O comboio estava a chegar à estação de Alverca, mas devido a uns problemas quaisquer, teve que parar cerca de 50 metros atrás do acostumado local. As pessoas que vinham na primeira carruagem, no hall próximo da cabine do maquinista, apressaram-se a premir o botão da porta com intenção de a abrirem, só que as portas ainda estavam trancadas porque o comboio ainda tinha que avançar mais uns metros. Não tardou que duas garotas de arganel no nariz, phones nos ouvidos e a ruminarem pastilhas elásticas, batessem com as mãos na porta que dava acesso à cabine do maquinista dizendo: “Então, mas esta merda abre ou não abre?” O maquinista, apercebeu-se da confusão e fez soar o seguinte aviso nos altifalantes: “Informam-se todos os passageiros de que o comboio ainda não chegou à gare, logo que chegue, as portas serão desbloqueadas.” Perante este aviso, as ditas cachopas ainda se indignaram mais e ladraram o seguinte, continuando a bater na porta: “Olha, agora quer-nos levar para o Oriente… Nós não queremos ir para o Oriente, abra mas é esta porcaria.”

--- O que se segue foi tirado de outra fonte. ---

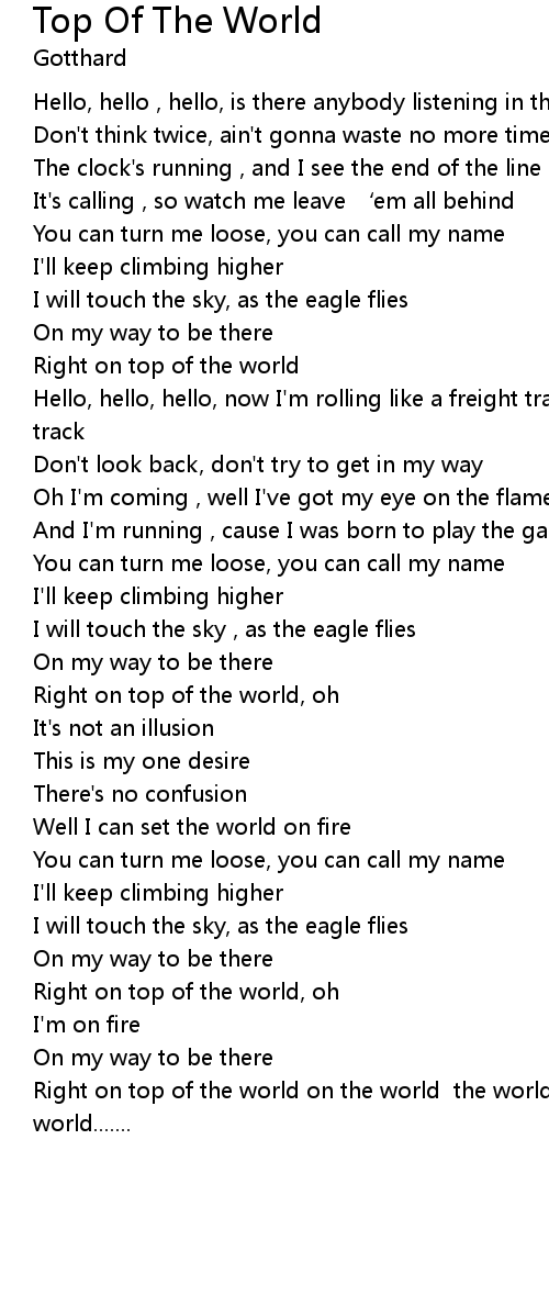 | [03:13.90] | Right on top of the world on the world the world the world the world....... |

Entretanto o comboio andou mais uns metros e as portas foram desbloqueadas. Uma das primeiras pessoas a sair dirigiu-se imediatamente para junto do maquinista e disparou: “Olhe lá, ó vizinho, para onde é que você quer levar esta coisa?” O maquinista ficou a olhar para ela embasbacado, se calhar a pensar o mesmo que eu: “De onde é que esta gente saiu? Só pode ter sido de um manicómio qualquer.”

11/10/10

A farsa

Recordo-me perfeitamente do rebentamento da “bomba”, quando há uns anos atrás a comunicação social denunciava os abusos sexuais de crianças da Casa Pia, acusando figuras públicas de estarem por detrás destes crimes hediondos. Carlos Cruz fora preso preventivamente por, na óptica do juiz, haver fortes indícios da prática de crime.


Lembro-me que, não obstante estes fortes indícios, se reuniram num almoço organizado por Fialho Gouveia, para demonstrarem solidariedade com o senhor, centenas de figuras públicas, das quais se destacavam: o maestro António Vitorino de Almeida, os cantores Rui Veloso, Paulo Gonzo e Paco Bandeira, os actores Raul Solnado e Marina Mota, a economista Helena Sacadura Cabral, os jornalistas Fernando Dacosta e Adelino Gomes, o criminologista Francisco Moita Flores e o ex-presidente da RTP e da Portugal Global João Carlos Silva.

Confesso que na altura fiquei perplexo com esta iniciativa, porque todos aqueles senhores não sabiam de forma alguma se estavam a apoiar um inocente ou um criminoso. Vamos pela pior das hipóteses: e se for um criminoso, não estará a ser precipitado este apoio? Toda esta farsa cheira-me a pressão sobre a justiça. Isto pensei eu. O tempo o dirá, continuei a pensar.

Agora que o dito senhor foi condenado, gostava de saber o que vai na cabeça dos solidários de quem pratica crimes destes… ou não acreditamos na justiça? Será que ela só é justa quando pune os miseráveis?